Laboratory equipment has been developed to characterise the behaviour of redox active material in the reduction and oxidation half-cycles. We have developed a simulator that takes into account fluid transport, heat absorption and transmission, and the chemical reactivity of the active material using experimental data from our measurements on different materials and those published on ceria, (Bulfin, B. et al. Analytical Model of CeO 2 Oxidation and Reduction. J. Phys. Chem. C 117, 24129-24137 (2013)). The simulator shows that the principles on which the invention is based can be executed using ceria as a model material:

• • i. The heat trap allows reaching suitable temperatures for the reduction of the ceria. Thus, 1400K can be exceeded under conditions of maximum irradiance (irradiance of 1 kW/m² with a concentration of 30 suns).
  • ii.
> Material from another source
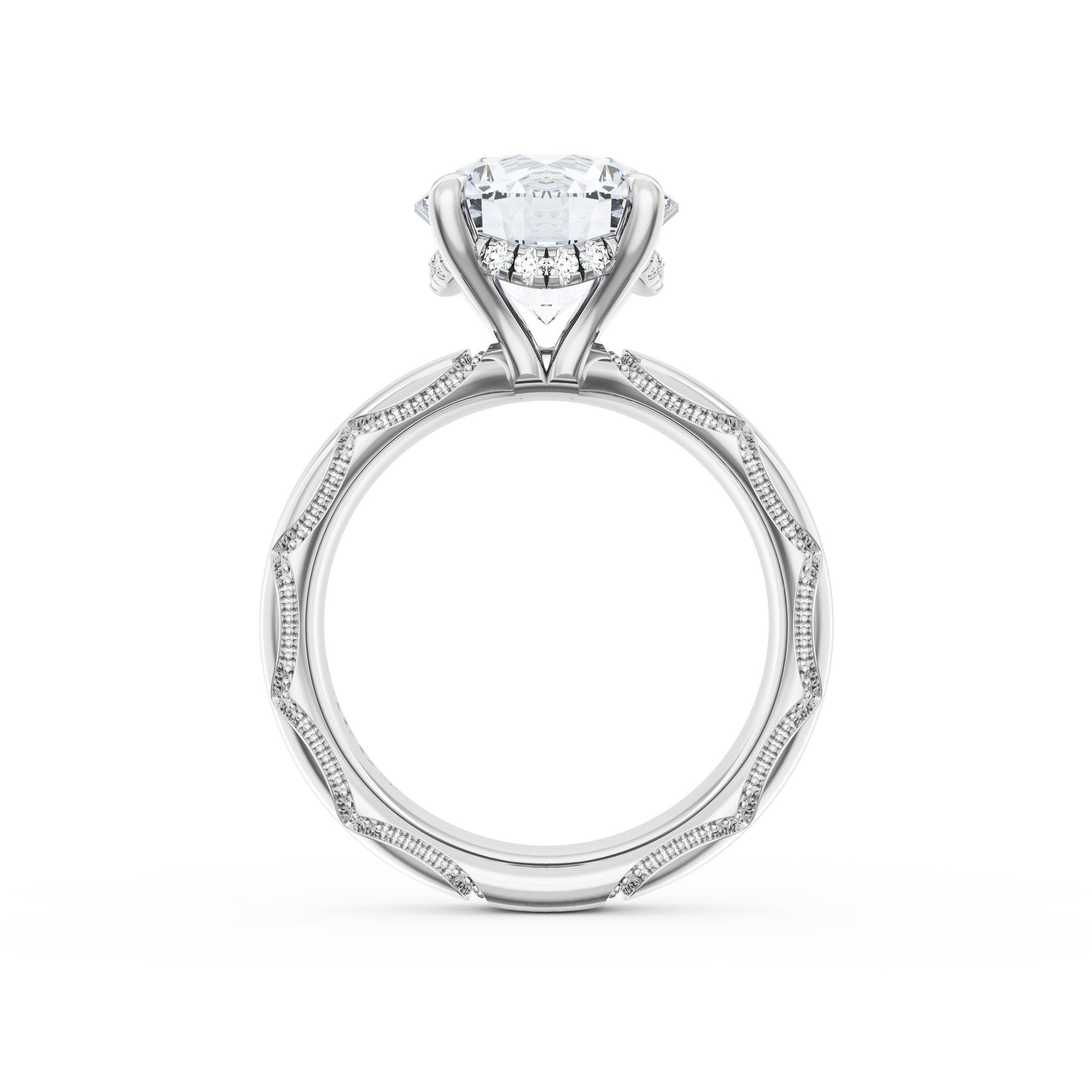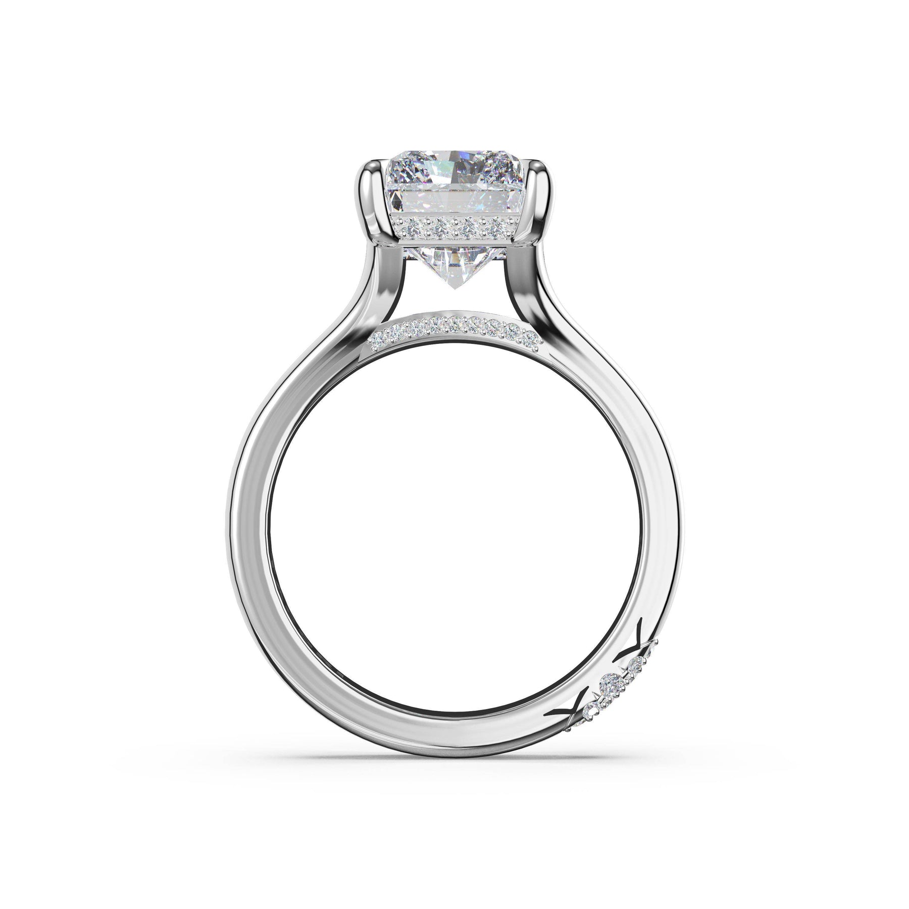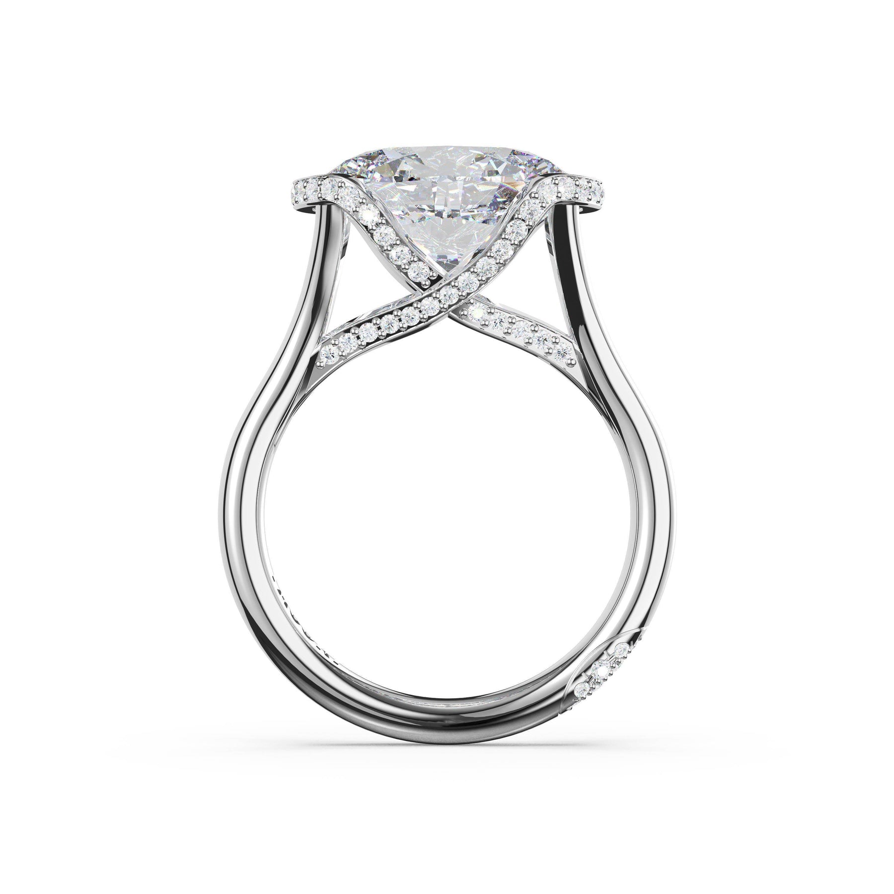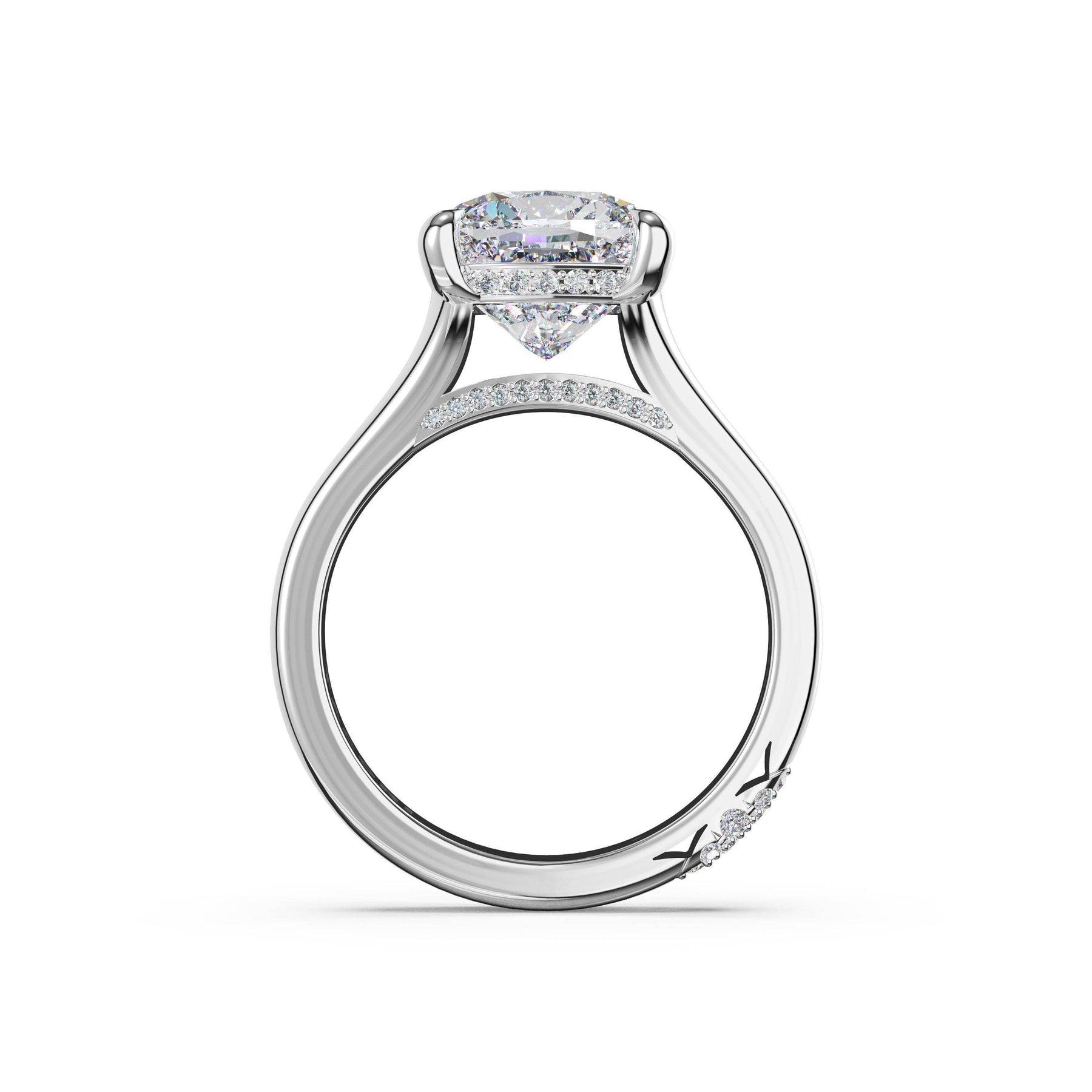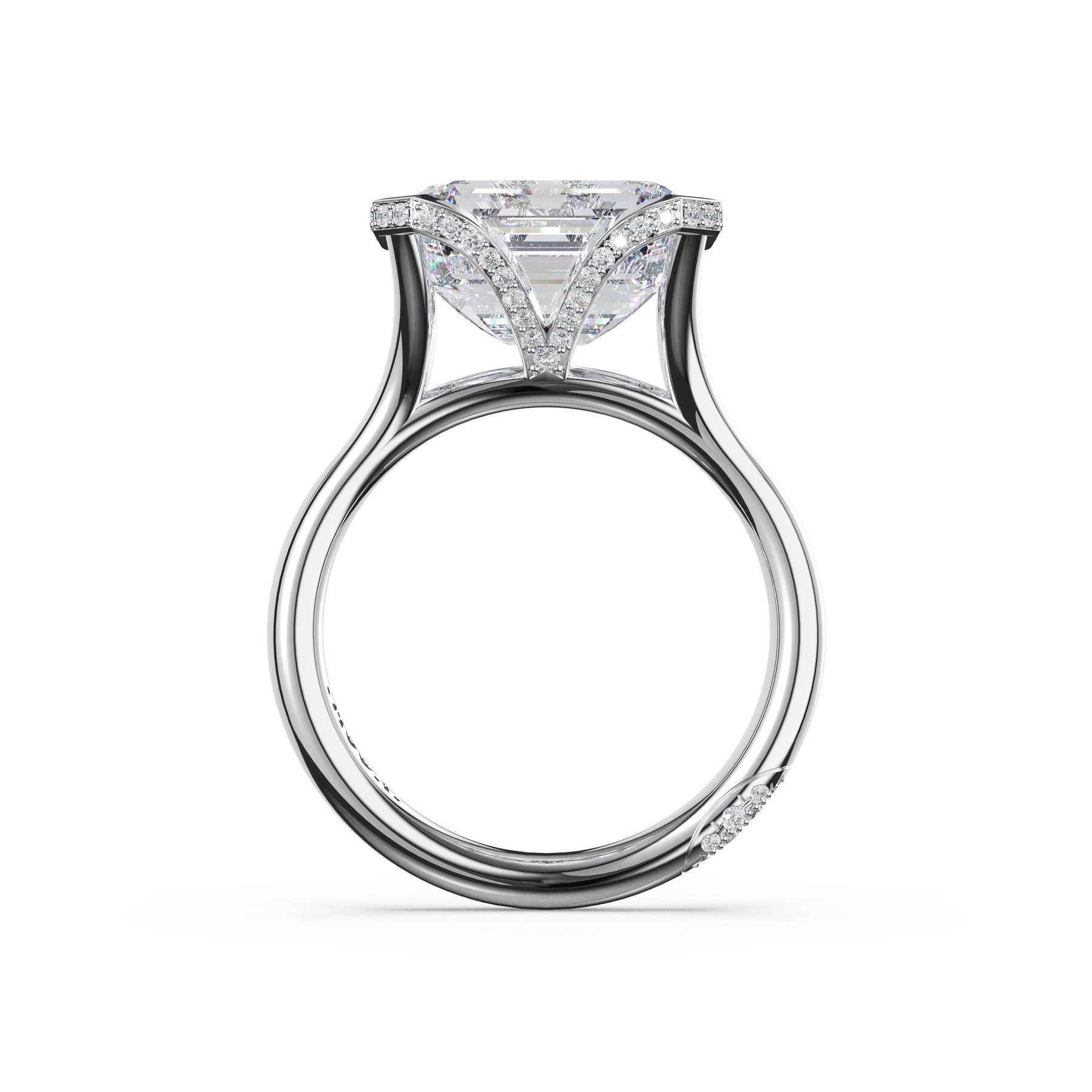 Triple pavé of decorates the ceiling, leading to a solitaire that sits atop a Cathedral foundation with a hidden bloom. A Founder's Crescent marks the foundation of the ring.

The characteristic residence time of the gases, oxygen in the reduction step and steam plus hydrogen in the oxidation step, is of the order of 1 second, considering the volume limited by the receiver tube, 10 centimetres in diameter, 1 metre long, a minimum pumping of 6 l/h and a maximum pressure of 0.1 bar.
  • iii. The energy requirements for the vaporiser account for less than 1% of the energy captured by the collector.
  • iv. During the reduction and oxidation step, the thermochemical model describing the kinetics is not diffusion-limited, having characteristic times of 1 second for a reduction and oxidation of the active material limited to less than 5%.
  • v. During the oxidation step, the temperature drop of the active material is small, since the radiation term and the exothermic reaction compensates the convection losses for film coefficient values of 10 Wm⁻²K⁻¹ and pulses of 1 second. During the cycles, the system finds an equilibrium temperature higher than 1200K that allows the activation of the material.

Ceria has been used as a model material without excluding the use of other active materials with similar or superior properties.